This repo contains performance and resource for the building blocks of fpgaConvNet, a Streaming Architecture-based Convolutional Neural Network (CNN) acceleration toolflow, which maps CNN models to FPGAs. The building blocks are implemented in hardware in the fpgaconvnet-hls repository. These models are used in conjunction with samo, a Streaming Architecture optimiser, where there are instructions for performing optimisation.
The following programs are required:
python (>=3.7)
To install this package, run from this directory the following:
python -m pip install fpgaconvnet-model
This repo can be used to get performance and resource estimates for different hardware configurations. To start, the desired network will need to be parsed into fpgaConvNet's representation. Then a hardware configuration can be loaded, and performance and resource predictions obtained.
from fpgaconvnet.models.network import Network
# initialise network, and load a configuration
net = Network("model-name", "model.onnx")
net.load_network("model-config.json")
# print performance and resource estimates
print(f"predicted latency (us): {net.get_latency()*1000000}")
print(f"predicted throughput (img/s): {net.get_throughput()} (batch size={net.batch_size})")
print(f"predicted resource usage: {net.partitions[0].get_resource_usage()}")

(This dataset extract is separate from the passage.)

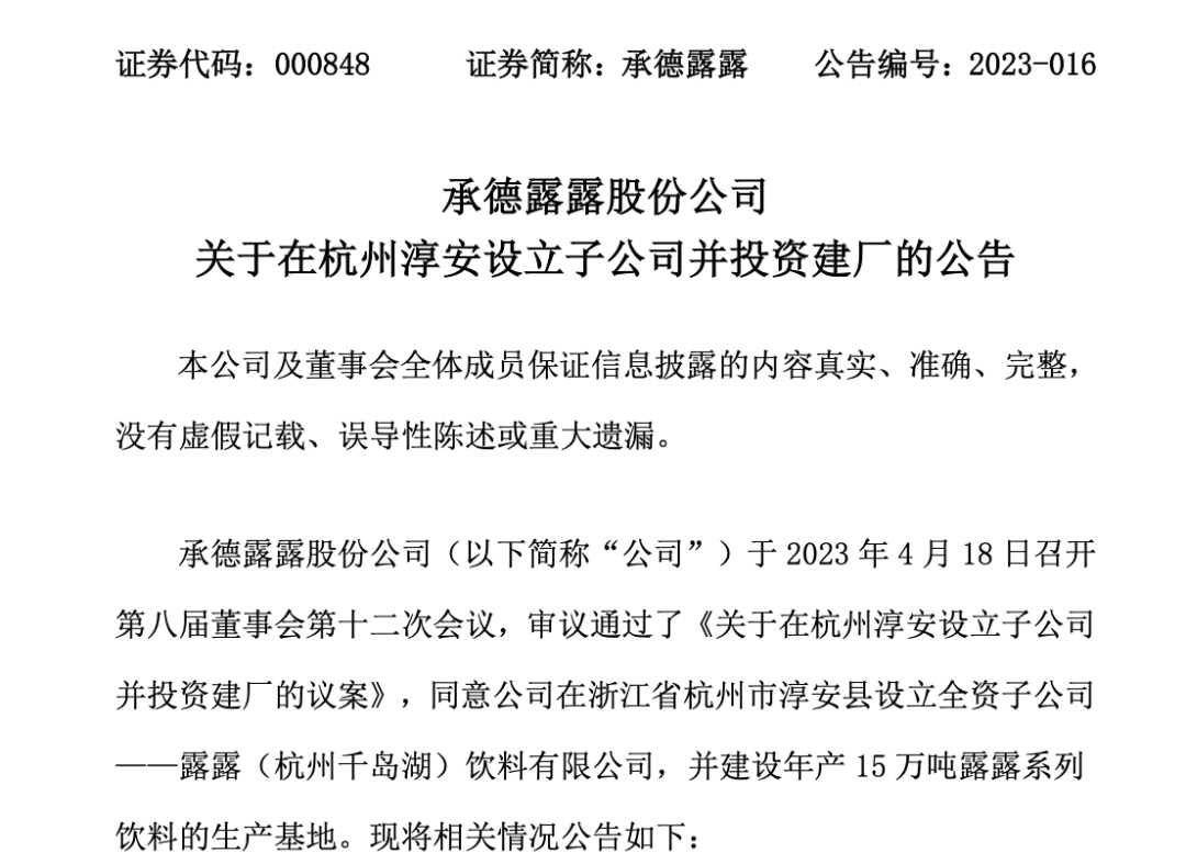 承德露露于4月20日發(fā)布公告,將在浙江省杭州市淳安縣設(shè)立全資子公司,露露(千島湖)飲料有限公司,新設(shè)子公司注冊資本10000 萬元人民幣,全部由公司現(xiàn)金出資,新設(shè)子公司擬投資3.65億元,建設(shè)年產(chǎn)15萬噸露露系列飲料生產(chǎn)基地,而根據(jù)公告內(nèi)容,此次投資主要建設(shè)內(nèi)容為新建廠房、購置設(shè)備等,擬安裝2條PET生產(chǎn)線、2條二片罐生產(chǎn)線,主要生產(chǎn)二片罐露露植物蛋白系列飲料和PET包裝為主的果汁及功能性水飲料。

# visualise the network configuration
net.visualise("image-path.png", mode="png")
# export out the configuration
net.save_all_partitions("config-path.json")
In order to do the CNN to hardware mapping, a model of the hardware is needed. There are four levels of abstraction for the final hardware: modules, layers, partitions and network. At each level of abstraction, there is an associated performance and resource estimate so that the constraints for the optimiser can be obtained.
- Module: These are the basic building blocks of the accelerator. The modules are the following:
- Accum
- BatchNorm
- Conv
- Glue
- SlidingWindow
- Fork
- Pool
- Squeeze
- Layer: Layers are comprised of modules. They have the same functionality of the equivalent layers of the CNN model. The following layers are supported:
- Batch Normalization
- Convolution
- Inner Product
- Pooling
- ReLU
- Partition: Partitions make up a sub-graph of the CNN model network. They are comprised of layers. A single partition fits on an FPGA at a time, and partitions are changed by reconfiguring the FPGA.
- Network: This is the entire CNN model described through hardware. A network contains partitions and information on how to execute them.
Feel free to post an issue if you have any questions or problems!